Cet arrêt a fait l’objet d’une signification par exploit d’huissier le 23 juillet 2020 et a été transcrit sur les registres de l’état civil le 15 octobre 2020 en marge de l’acte de mariage des parties.
Il n’a pas été procédé au règlement amiable des intérêts patrimoniaux de Mme [I] [H] et de M. [E] [G].
C’est dans ce contexte que Mme [I] [H] a, par acte d’huissier du 27 février 2023, fait assigner M. [E] [G] devant le juge aux affaires familiales du tribunal judiciaire de Bobigny (Seine-Saint-Denis) aux fins notamment de voir ordonner l’ouverture des opérations de comptes, liquidation et partage des intérêts patrimoniaux des parties.
En demande,
Aux termes de ses conclusions notifiées par RPVA le 14 décembre 2023, Mme [I] [H] demande au tribunal, au visa de l’article 815 du code civil, de :
— dire et juger Madame [I] [H] recevable et bien fondée en ses demandes
— ordonner l’ouverture des opérations de liquidation et de partage des intérêts patrimoniaux de Madame [I] [H] et de Monsieur [E] [G] et de l’indivision post communautaire.
— désigner tel notaire qu’il plaira au juge afin d’y procéder, Maître [K] [B] pouvant être désigné.
— commettre le Président du Tribunal Judiciaire de BOBIGNY ou le juge désigné par lui pour surveiller ces opérations,
— juger que le notaire rendra compte au juge commis des difficultés rencontrées et pourra solliciter de lui toute mesure de nature à en faciliter le déroulement, et notamment les réquisitions auprès de FICOBA
Pour parvenir au partage,
— juger que dans le délai de 6 mois suivant sa désignation, sauf prorogation, le notaire dressera un état liquidatif qui établira les comptes entre copartageants, la masse partageable, les droits des parties et la composition des lots à répartir
— juger que le Notaire, chargé de procéder aux opérations de compte, liquidation et partage des intérêts patrimoniaux des époux et de l’indivision post-communautaire, devra fixer le montant de l’indemnité d’occupation dont sera redevable Monsieur [G] pour la période allant du 18 avril 2013, date de l’ordonnance de non conciliation, jusqu’au jour du partage
— juger qu’en cas de désaccord des copartageants sur le projet d’état liquidatif dressé par le notaire, ce dernier transmettra au juge commis un procès-verbal reprenant les dires respectifs des parties ainsi que le projet d’état liquidatif,
— dire que les dépens seront passés en frais privilégiés de partage.
En défense,
Aux termes de ses conclusions notifiées par RPVA le 2 avril 2024, M. [E] [G] demande au tribunal judiciaire de Bobigny, au visa des articles 815 et suivants du code civil, de :
— ordonner l’ouverture des opérations de compte liquidation partage des intérêts patrimoniaux de Monsieur [G] et Madame [H],
— désigner tel notaire qu’il plaira au juge afin d’y procéder, de faire les comptes entre les parties et de fixer le montant de la soulte,
— fixer le point de départ de l’indemnité d’occupation au 27 février 2018,
— attribuer le bien indivis à titre préférentiel à Monsieur [G],
— dire que les dépens seront employés en frais privilégiés de partage.
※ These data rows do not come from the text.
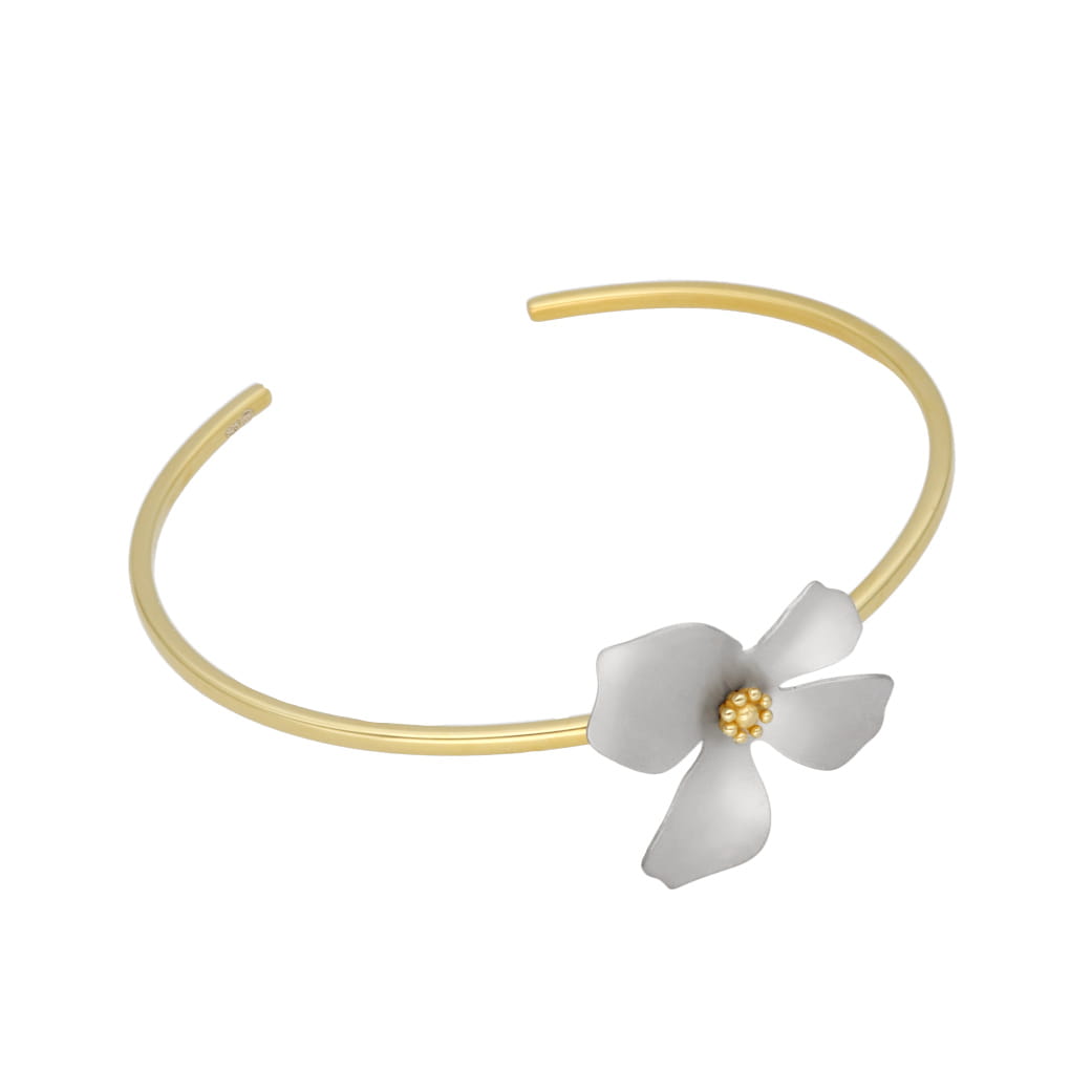 Sztywna bransoletka kwiat tytan srebro pozłacane
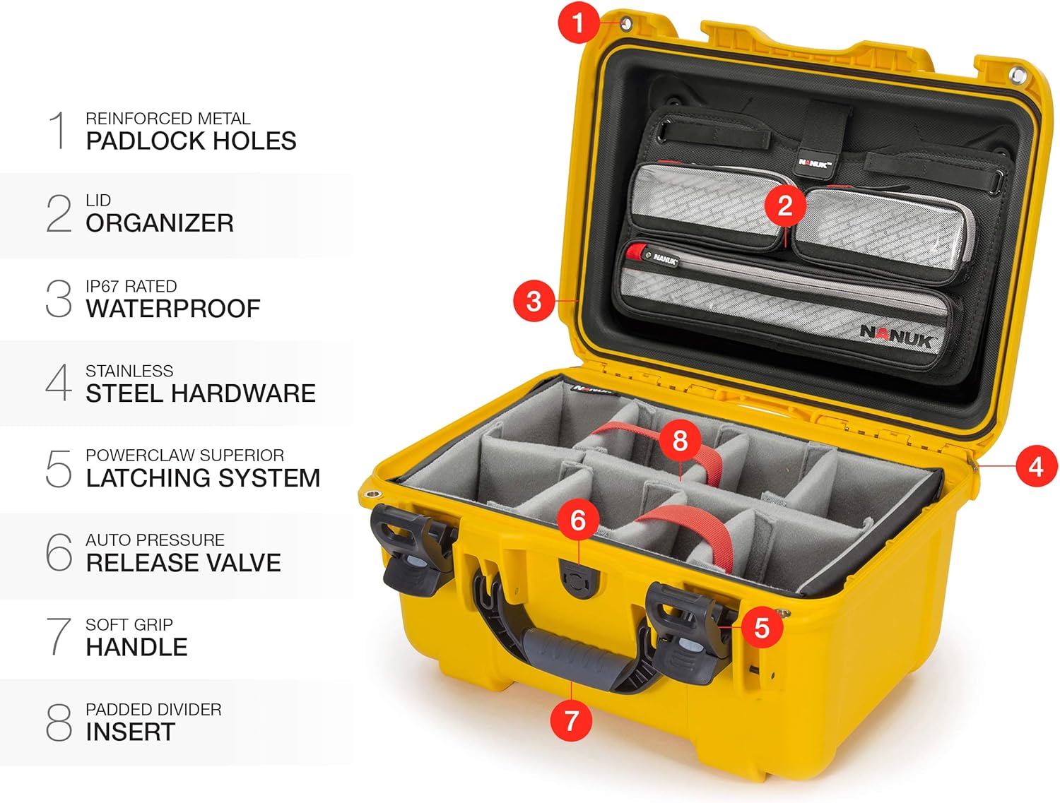 - Neue Kombination - Nanuk Koffer mit gepolsterten Trennwänden und unserem NEUEN Deckelorganizer |Innenmasse (L x B x H): 378 x 249 x 218 mm und Aussenmasse (L x B x H): 429 x 328 x 236 mm
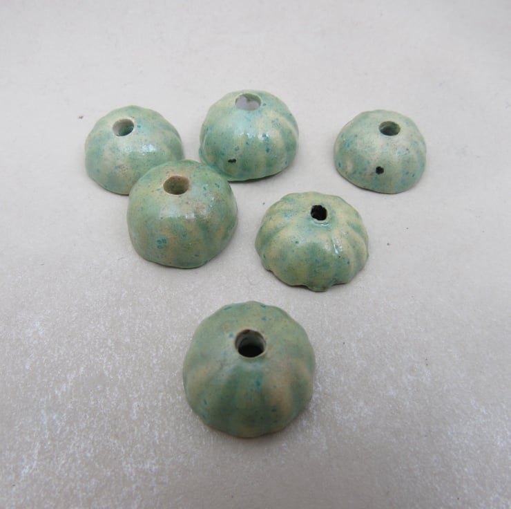 6 Small Verdigris Green Half-round Ceramic Flower Beads
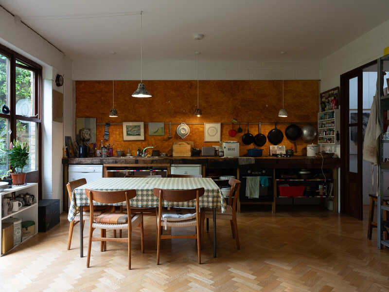 Peter St John’s early self-made home, made with his classmate Marcus Lee and partner Siw Thomas, was shaped from salvaged materials, limited means, and the raw gumption of a newly-qualified architect ready to put their ideas into practice. Split sections, cast-in-situ concrete and painted plywood ceilings show how economy and invention can produce a house of abundant character.

Pour plus ample exposé des prétentions et des moyens des parties, il est renvoyé à leurs écritures, mentionnées ci-avant, conformément aux prescriptions de l’article 455 du Code de procédure civile.
La clôture de l’instruction a été fixée au 20 juin 2024 par ordonnance du même jour.
L’affaire a été appelée à l’audience du 24 octobre 2024 et mise en délibéré au 19 décembre 2024 par mise à disposition au greffe en application des dispositions de l’article 450 du code de procédure civile, les parties ayant été avisées.
MOTIFS DE LA DÉCISION
1. Sur la demande d’ouverture des opérations de compte, liquidation et partage
Aux termes de l’article 815 du Code civil, nul ne peut être contraint à demeurer dans l’indivision et le partage peut toujours être provoqué, à moins qu’il n’y ait été sursis par jugement ou convention.
L’article 840 du code civil expose que le partage est fait en justice lorsque l’un des indivisaires refuse de consentir au partage amiable ou s’il élève des contestations sur la manière d’y procéder ou de le déterminer ou lorsque le partage n’a pas été autorisé ou approuvé dans l’un des cas prévus aux articles 836 et 837.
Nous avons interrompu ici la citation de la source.